Thanks so much for your answer! Thank you for taking the time to explain the set up as well. I have a few more questions perhaps you can help me with?

I now understand that the 'charged voltage' I put in the BMV of 13.4v is not shared with the SmartSolar. I'm guessing then that the charged voltage number then really only figures into state of charge calculations in BMV app.

But I'm having a hard time understanding if that info is not shared - how would the SmartSolar ever know when to stop putting energy in?

I could be wrong - but it seems like there are two voltages that are at play... the current voltage of the battery (I think this is called Open Circuit Voltage?), and the amount of voltage that the SmartSolar should be putting in.

For example, if the voltage of the battery itself is 12.2v (which is 50% depth of discharge per the manual for our batteries), then it should be charged at Bulk/Absorption rate of 14.4v.

When the battery itself reaches 13.4v, it is full, and the charging should stop. I don't know how to make this happen with the app.

I'm having a hard time understanding why our batteries would still be in 'Absorption' state per the app when it's voltage is 14.17v.

Is 14.17v the voltage of the battery? or the voltage that is going into the battery? My guess is that it's the voltage of the battery because after we installed the set up we did some tests with a multi-meter and what we got there was the same as what was listed on the BMV and Smart Solar. So if the 14.17v listed on the App is indeed the voltage of the battery - it should not be in Absorption state.

Really the bottom line of my question is that I'm worried that with the current settings we'll be putting too much voltage into our batteries. And I'm not sure how to get the SmartSolar to work with the settings recommended by the manufacturer.

Also, the -34.9amps is going into the battery, not coming out in a load. I was really thrown off by the negative for a while as well, but after testing out a few things, when the BMV screen is showing negative it's amps being put in. So I don't know if I feel comfortable with being the reason it would be pulling the voltage down from the temperature compensated target of 14.3.

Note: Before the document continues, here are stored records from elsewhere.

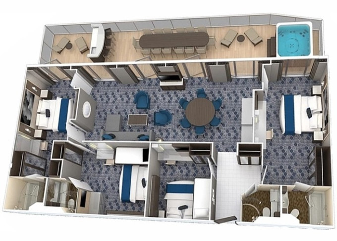 A1 - Spacious AquaTheater Suite s balkónom / 2 spálne 76 m² + balkón 72 m². 8. paluba. Max 8 osôb. Výhody Royal Suite Star Class. 20 700 € 10 350 € za osobu
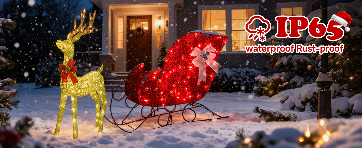 Built for the Outdoors: This large Christmas Reindeer and Sleigh set is constructed with weather-resistant materials, making it completely Rain-Proof and Freeze-Proof to withstand harsh winter elements
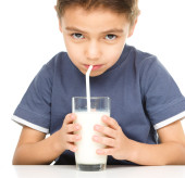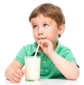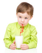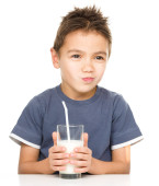 ładny chłopak ze szklanką mleka
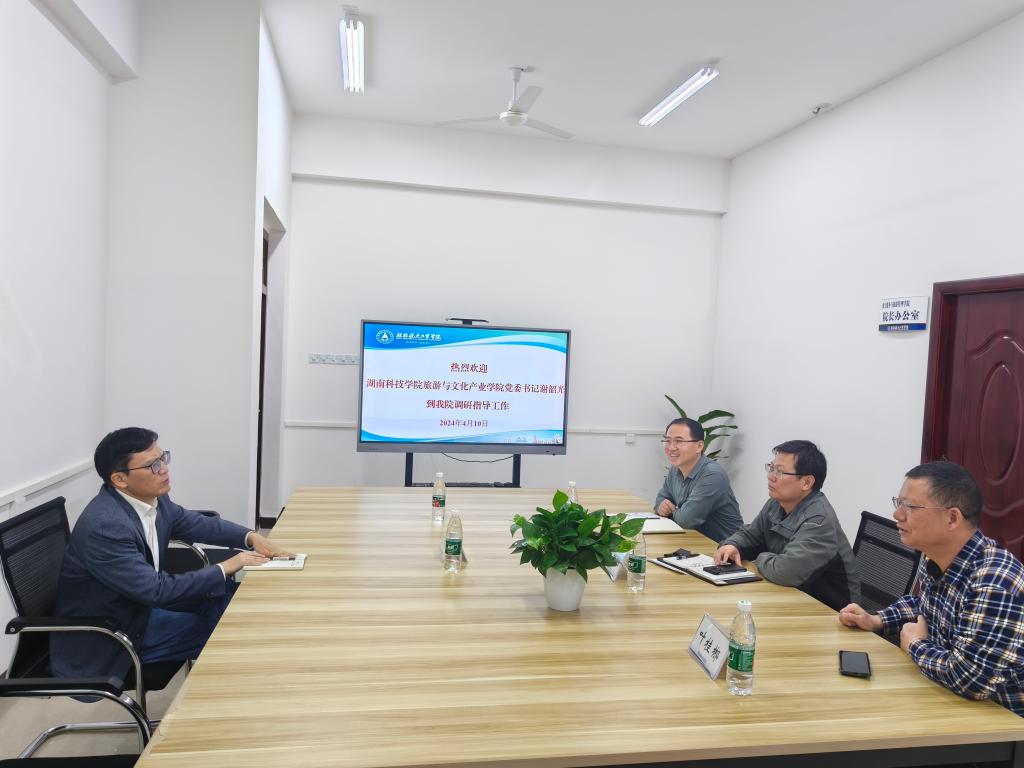 2024年4月10日上午,湖南科技公司旅游与文化产业公司党委书记谢韶光到公司调研指导工作,公司党委书记张海涛、经理林朝阳及相关专业负责人参加调研会议。
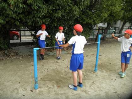 体育の学習「鉄ぼう」で,いろいろな技に挑戦しています。
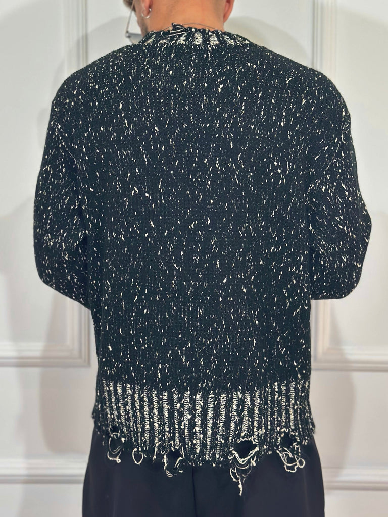 Maglione girocollo color ghiaccio con rotture ai bordi adatto per chi ama differenziarsi; consigliamo l' abbinamento con un jeans o un pantalone con una vestibilità morbida per un look casual street
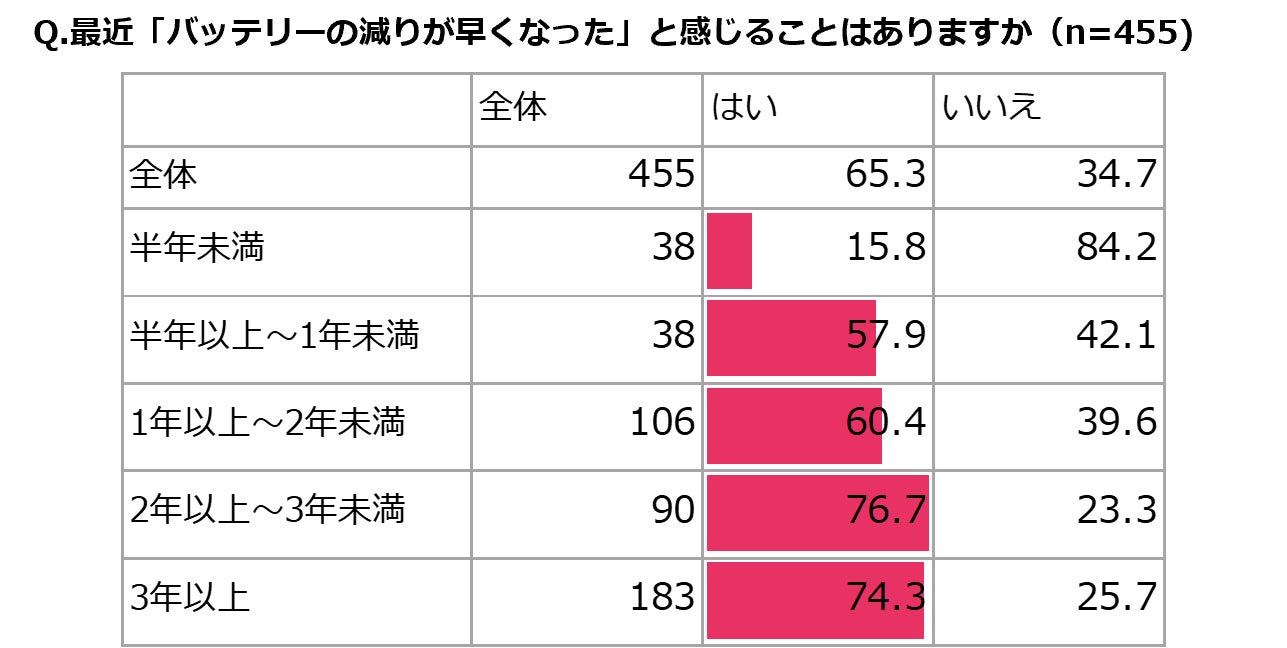 調査結果| 「バッテリーの減りが早くなった…」と約7割が実感。しかし、対処していない現状が浮き彫りに。

Thanks so much for taking the time to read my question and for any ideas you can offer!

I"m attaching a page of the battery manual for reference.

Firstly, the BMV should display a POSITVE (+) number if current is flowing IN to the battery and a NEGATIVE (-) number if there is current flowign OUT of the battery. If you see the opposite then its likely that the negative battery cable connections to your shunt are back to front. Check that ONLY the battery negative is connected to the 'battery' side of the shunt and ALL negative cables from loads and chargers are connected to the 'load & charger' side of the shunt.

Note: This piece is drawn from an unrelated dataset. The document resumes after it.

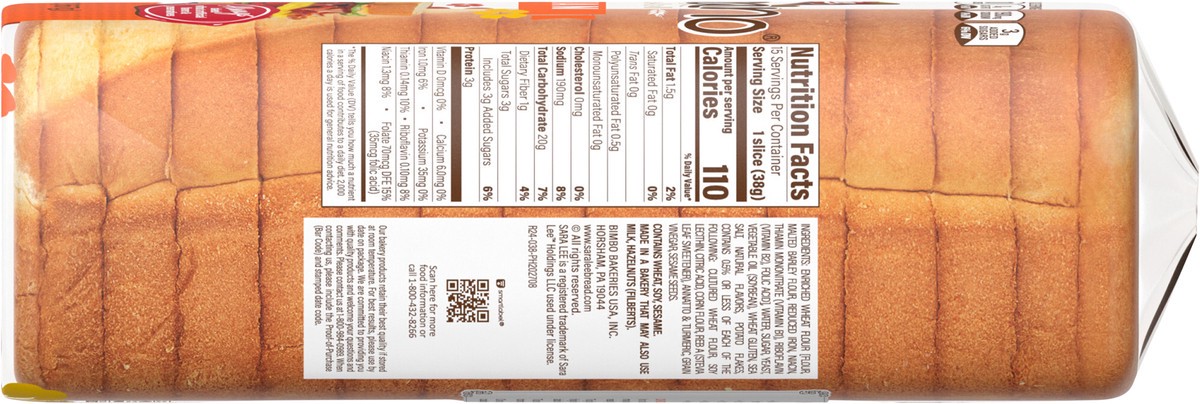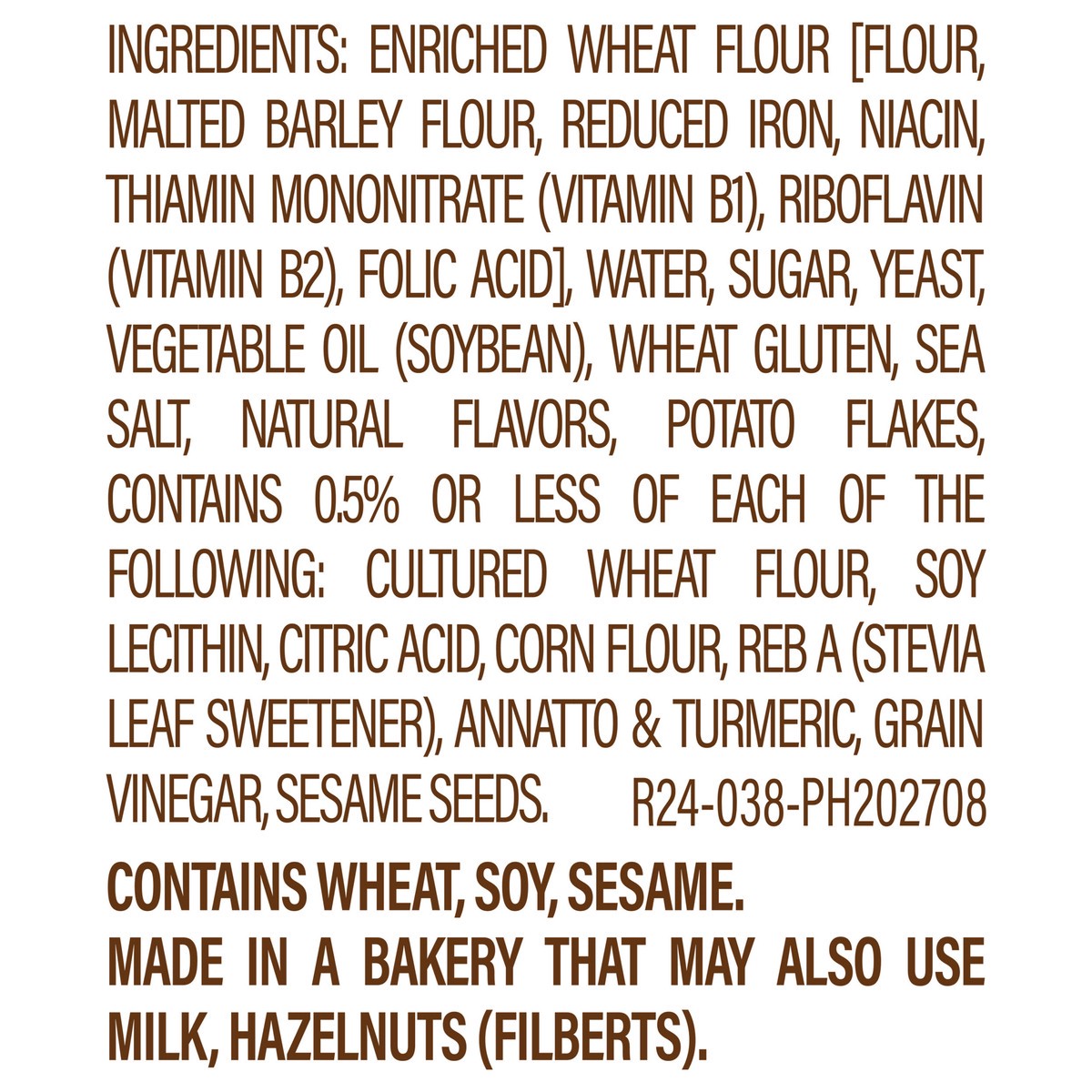 Enriched Wheat Flour [Flour, Malted Barley Flour, Reduced Iron, Niacin, Thiamin Mononitrate (Vitamin B1), Riboflavin (Vitamin B2), Folic Acid], Water, Sugar, Yeast, Vegetable Oil (Soybean), Wheat Glut…
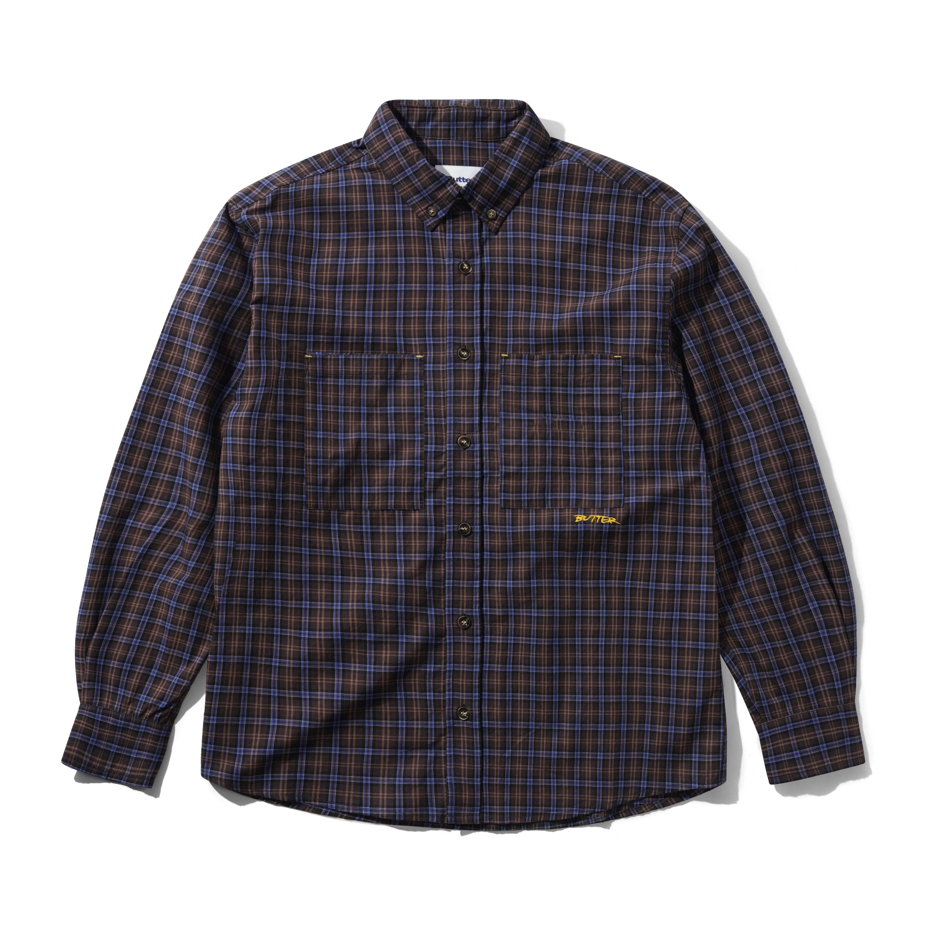 BUTTER PLAID LS SHIRT - BROWN / COBALT BLUE

The BMV quick install guide is a good reference;

https://www.victronenergy.com/upload/documents/Quickinstallsheet_BMV70x_part1_2.pdf

Regarding the MPPT charge cycle, I can see in the spec sheet photo you provided that the recommended absorption voltage is 14.2 to 14.4v (for a 12v battery) and the recommended float voltage is 13.2-13.4v (for a 12v battery) - so your current MPPT charge settings of 14.4v for absorption and 13.4v for float seem fine.

AFTER you fix up your shunt wiring issue (assuming there is an issue), then you should monitor the current into the battery towards the end of the absorption phase, JUST BEFORE the charger switches from absorption to float. A good guide to tell if your battery is fully charged is when the charge CURRENT during absorption phase drops to <2% of your battery capacity - so <8.8A for a 440Ah battery bank.

However the MPPT doesn't know this information and the absorption time is controlled by the 'Maximum absorption TIME' that is configured - you currently have this set to 6h (which is reasonable).

It's important to note that this is only a MAXIMUM time, and not typical of the absorption time during most charge cycles. The MPPT determines what absorption time to use based on the battery voltage in the morning just before it 'wakes up' and starts the charge cycle - by applying a FACTOR to the maximum time set.

See table below and the MPPT VictonConnect online manual;

https://www.victronenergy.com/live/victronconnect:mppt-solarchargers

For lead acid based batteries the charge cycle is such that it must;

1- First provide enough current raise the battery voltage up to the 'absorption voltage' set (with any corrections for temperature) - this is the BULK phase

2- Once the absorption voltage is reached the charger will then aim to MAINTAIN the absorption voltage and as the full battery capacity is slowly replenished the charge current will slowly decrease - this is the ABSORPTION phase

3- Ideally when the charge current drops below about 2% of the battery capacity the battery can be considered 'fully charged' and the target battery voltage can be lowered to the 'float voltage' - this is the FLOAT phase

I don't know what you mean by your statement that the battery is full when it reaches 13.4v - this is incorrect as its only the float voltage. It needs to be charged above that voltage level to be properly replenished, that's why the recommended absorption voltage is ~14.4v.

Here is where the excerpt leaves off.